* Raw data
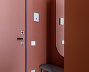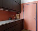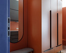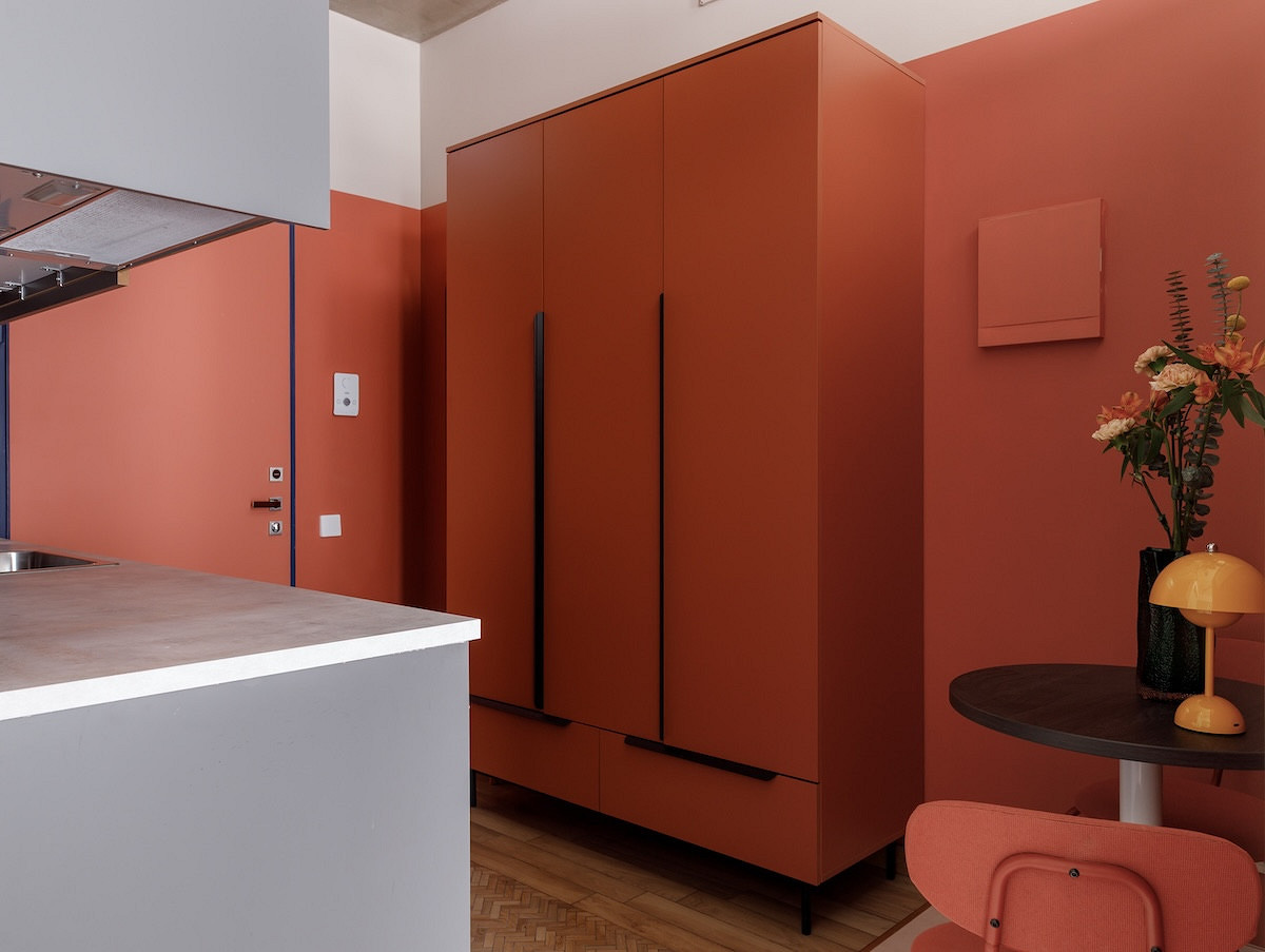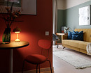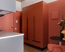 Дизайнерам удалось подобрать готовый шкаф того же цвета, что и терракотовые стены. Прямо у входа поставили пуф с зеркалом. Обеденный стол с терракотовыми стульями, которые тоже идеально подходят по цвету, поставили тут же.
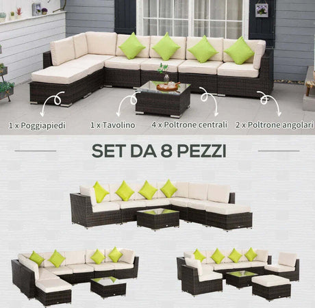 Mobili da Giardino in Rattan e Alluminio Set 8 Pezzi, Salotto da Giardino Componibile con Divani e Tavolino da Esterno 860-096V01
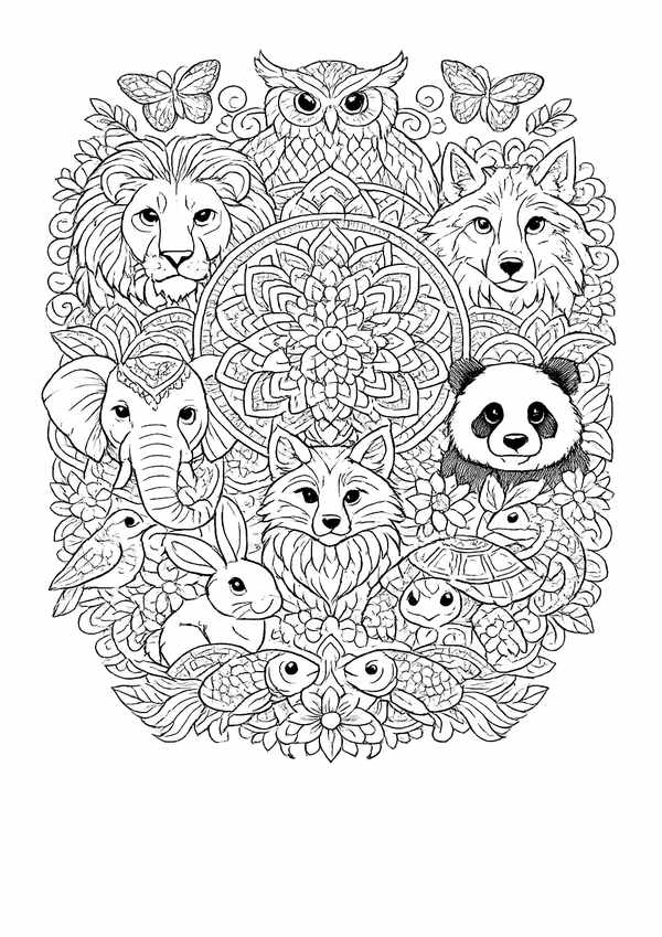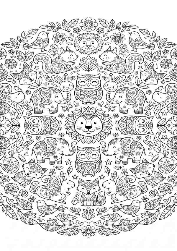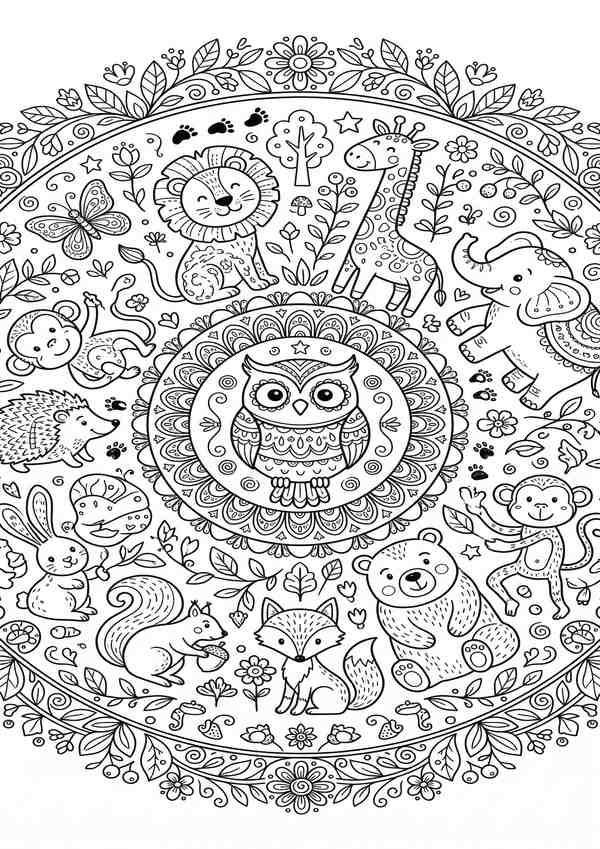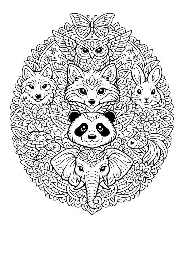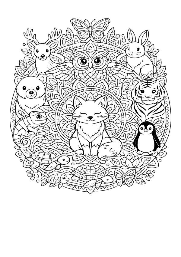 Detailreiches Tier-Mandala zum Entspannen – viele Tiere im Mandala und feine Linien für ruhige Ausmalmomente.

* To do
Give back the material word for word and drop the pictures it holds.

* Final answer
 Дизайнерам удалось подобрать готовый шкаф того же цвета, что и терракотовые стены. Прямо у входа поставили пуф с зеркалом. Обеденный стол с терракотовыми стульями, которые тоже идеально подходят по цвету, поставили тут же.
 Mobili da Giardino in Rattan e Alluminio Set 8 Pezzi, Salotto da Giardino Componibile con Divani e Tavolino da Esterno 860-096V01
 Detailreiches Tier-Mandala zum Entspannen – viele Tiere im Mandala und feine Linien für ruhige Ausmalmomente.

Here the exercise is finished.